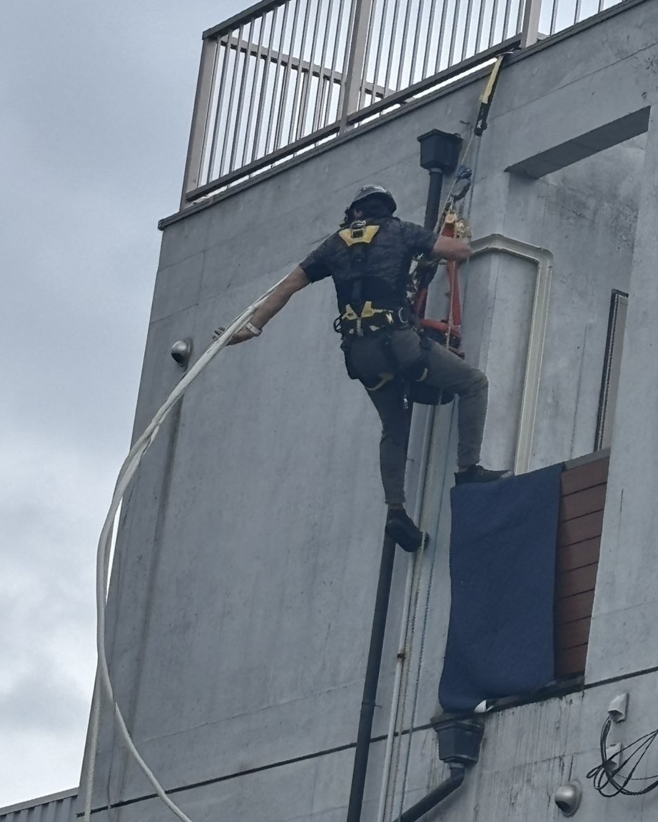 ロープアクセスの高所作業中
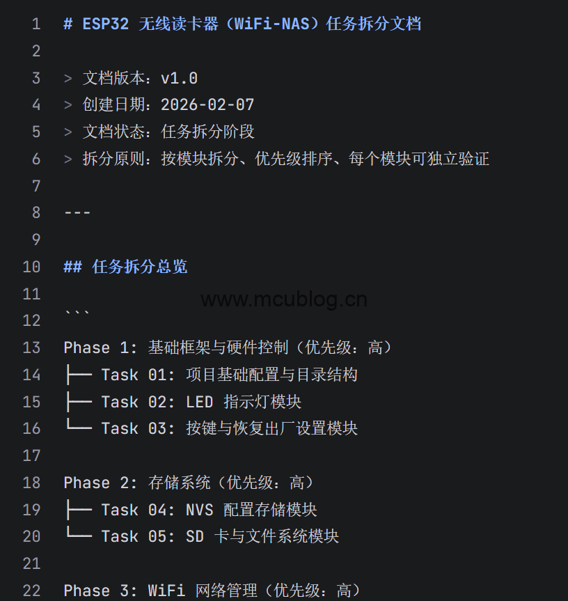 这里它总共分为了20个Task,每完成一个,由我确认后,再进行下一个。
- - - -
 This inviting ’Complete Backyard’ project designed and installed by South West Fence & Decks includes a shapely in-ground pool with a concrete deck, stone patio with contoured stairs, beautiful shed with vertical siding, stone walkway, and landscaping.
- - - -
▸ **ASSIGNMENT**:
Everything above from the line containing "ロープアクセスの高所作業中" down to the line containing "这里它总共分为了20个Task,每完成一个,由我确认后,再进行下一个。" is to be duplicated exactly, both lines included, and the pictures are to be omitted.

▸ **WRITTEN ANSWER**:
 ロープアクセスの高所作業中
 这里它总共分为了20个Task,每完成一个,由我确认后,再进行下一个。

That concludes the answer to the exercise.